Since the first SARS-CoV-2 virus infection was detected in December 2019, tens of thousands of its genomes have been sequenced around the world, showing that the coronavirus is mutating, albeit slowly, at a rate of 25 mutations. per genome per year.
Despite increased efforts, no one has yet identified the first case of human transmission or “patient zero” in the COVID-19 pandemic. Finding such a case is necessary to better understand how the virus may first have passed from its animal host to infect humans, as well as the story of how the SARS-CoV-2 viral genome mutates over time and has evolved. spread globally.
“The SARS-CoV-2 virus carries an RNA genome that has infected more than 35 million people around the world,” said Sudhir Kumar, director of Temple University’s Institute of Genomics and Evolutionary Medicine. “We need to find this common ancestor, which we call the precursor genome.”
This precursor genome is the mother of all SARS-CoV-2 coronaviruses that now infect humans.
In the absence of Patient Zero, Kumar and his research team at Temple University may have found the next best resource to help the work of molecular epidemiology detectives around the world. “We set out to reconstruct the precursor genome using a large dataset of coronavirus genomes obtained from infected people,” said Sayaka Miura, lead author of the study.
They found that the “mother” of all SARS-CoV-2 genomes and their early progeny strains mutated and then spread to dominate the global pandemic. “We have now reconstructed the precursor genome and mapped where and when the first mutations occurred,” said Kumar, the corresponding author of a preprint study that can be found on the bioRxiv server.
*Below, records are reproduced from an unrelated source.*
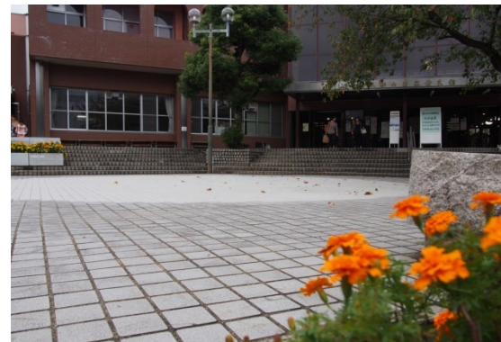
公民館前に広いスペースができました
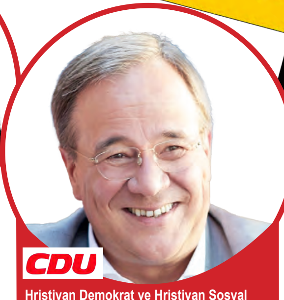
CDU Hristiyan Demokrat ve Hristiyan Sosyal Birlik Parti (CDU/CSU) adayı Armin Laschet

belirleneceği seçimde, Sosyal Demokrat Parti (SPD) adayı Olaf Scholz, Hristiyan Demokrat ve Hristiyan Sosyal Birlik Parti (CDU/CSU) adayı Armin Laschet ve Yeşiller Parti'sinden (DIE GRÜNEN) Almanya'nın en genç adayı Annalena Baerbock kıyasıya başbakanlık yarışına katılacaklar. Başbakanlık adaylığının açıklanmasıyla yükselişte olan Annalena Baerbock, daha sonra bazı olumsuzluklar sebebiyle düşüşe geçerken, son zamanlarda yapılan anketlere göre Federal Maliye Bakanı ve Başbakan Yardımcısı Olaf Scholz'un adaylar arasında yükselişe
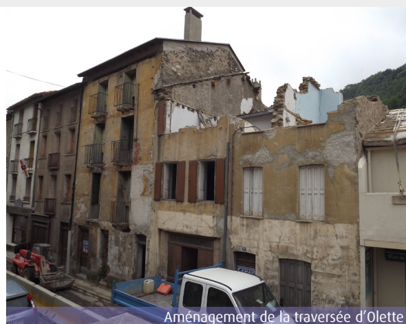
Aménagement de la traversée d'Olette

2014 : enquête publique « Loi sur l'eau » - déviation de Marquixanes. Finalisation du dossier réglementaire concernant la protection des espèces protégées.
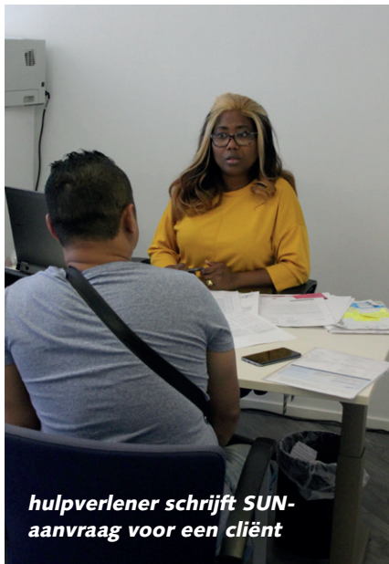
hulpverlener schrijft SUN-aanvraag voor een cliënt

giftenbudget ter beschikking stellen en hulp- en dienstverleners de aanvragen doen namens hun cliënt. SUN-noodhulpbureaus beschikken ook over maatschappelijk kapitaal: een tandarts brengt 10 gratis gebitsbehandelingen in, een opticien 15 geslepen brillen, enz. Meer over SUNN en onze rijke voorgeschiedenis die terug gaat tot het jaar 1914 kunt vinden op onze website www.sunnederland.nl .
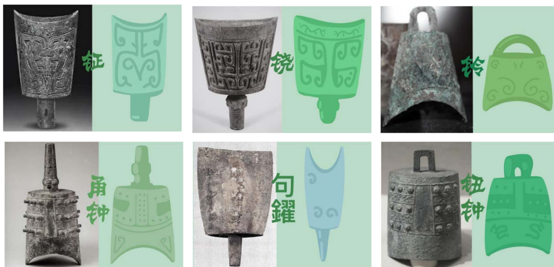
Figure 3. Bronze element visual refinement (Team draw)

具。为了避免色彩过于沉重造成压抑感而选用了较为轻柔的蓝绿色系设计，更加符合儿童的身心需求，见图3、图4。
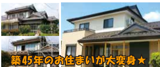
築45年のお住まいが大変身★
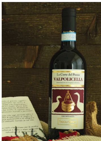
CODICE S010 € 9,00 cad. Vino Valpolicella Doc biologico da 75cl - 14% vol "La Corte del Pozzo". Cantina Fasoli Gino - Colognola ai Colli.
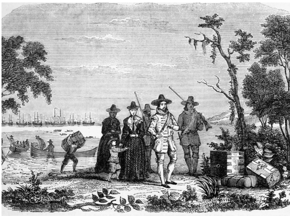
Fundació de Massachusetts Bay Colony
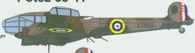
Potez 63-11 c/n 420 (AX 691), French Fighter Flight No.2, Haifa (Palestine), February 1941.
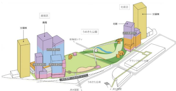
図2：グラングリーン大阪 全体図

JR 大阪駅北側に広がる旧梅田貨物駅跡地において、グラングリーン大阪開発事業者 JV9 社が開発を進めるうめきた2期地区開発事業です。先行まちびらきでは、北館及びうめきた公園の一部（サウスパークの全面、ノースパークの一部）がオープン予定です。このうち北館は、北街区のホテル・中核機能施設・商業施設を備えるビルのことを指します。
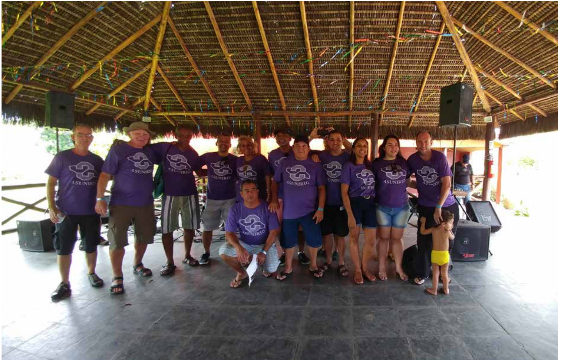
Diretores recém empossados posam para foto.

No Sítio dos Netinhos, coordenadores da chapa Renascer tomam posse para nova gestão biênio 2016-2018.
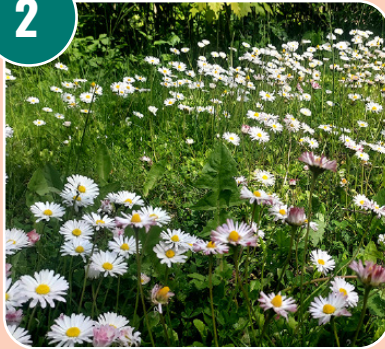
Bilden passar med bokstaven: L
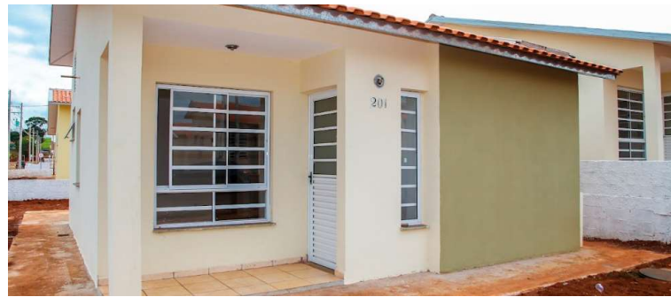
Casa construída pela CDHU; Vera Cruz tem projeto com mais de 50 residências
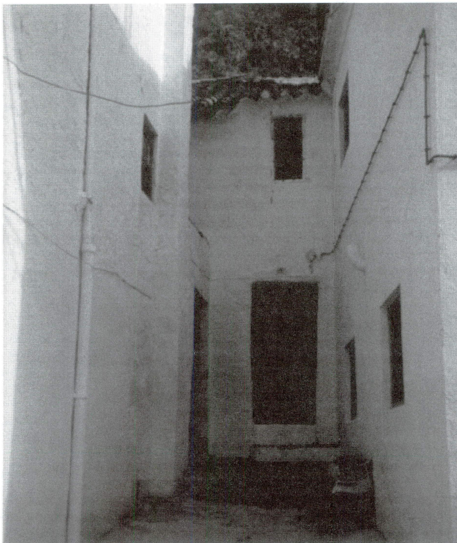
Casa tradicional, sita en la calle Carretera, nº 38. Posiblemente sea la construcción más antigua de la villa, pues está enclavada en la barriada del “Puente” zona donde se recoge, según plano de 1729, edificaciones de características similares.
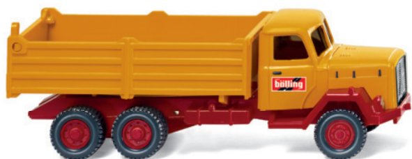
0424 02 Hochbordkipper (Magirus Saturn)
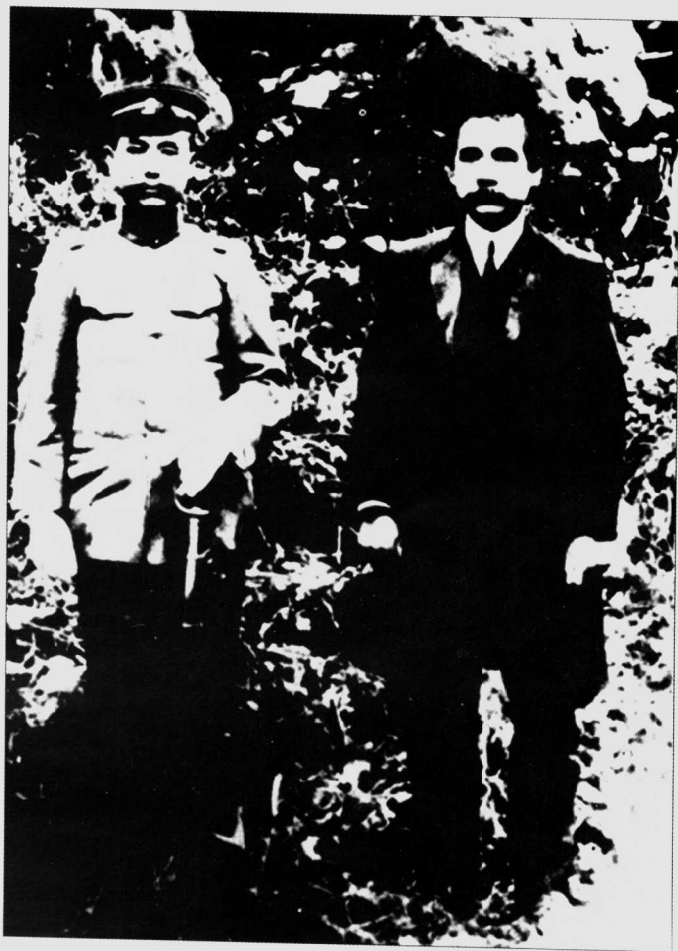
1912年与孙中山先生合影
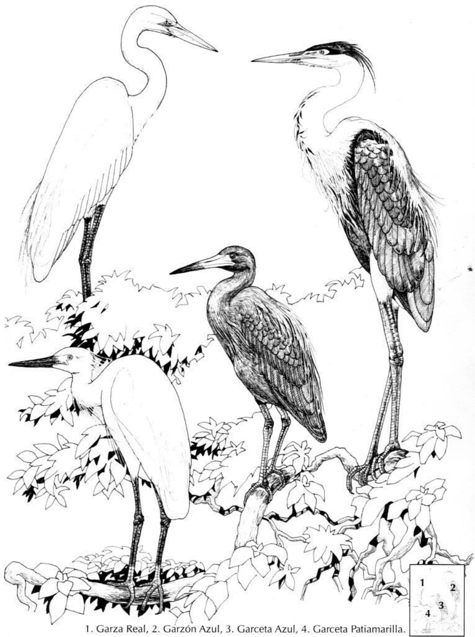
1. Garza Real, 2. Garzón Azul, 3. Garceta Azul, 4. Garceta Patiamarilla.

In this way, their work has provided new insight into the history of SARS-CoV-2’s early mutations. For example, their study reports that a mutation in the SARS-CoV-2 spike protein (D416G), which is often associated with increased infectivity and spread, appeared after several other mutations weeks after the onset of COVID-19. “It is almost always found alongside many other protein mutations, making it difficult to determine its role in increasing infectivity,” said Sergei Pond, one of the study’s lead co-authors.
In addition to their insights into the early history of SARS-CoV-2, Kumar’s group developed mutation fingerprints to quickly identify strains and sub-strains that infect an individual or colonize a global region.
Pandemic Command
To identify the precursor genome, they used a mutation order analysis technique based on clonal analysis of the mutant strains and how often mutation pairs occur together in SARS-CoV-2 genomes.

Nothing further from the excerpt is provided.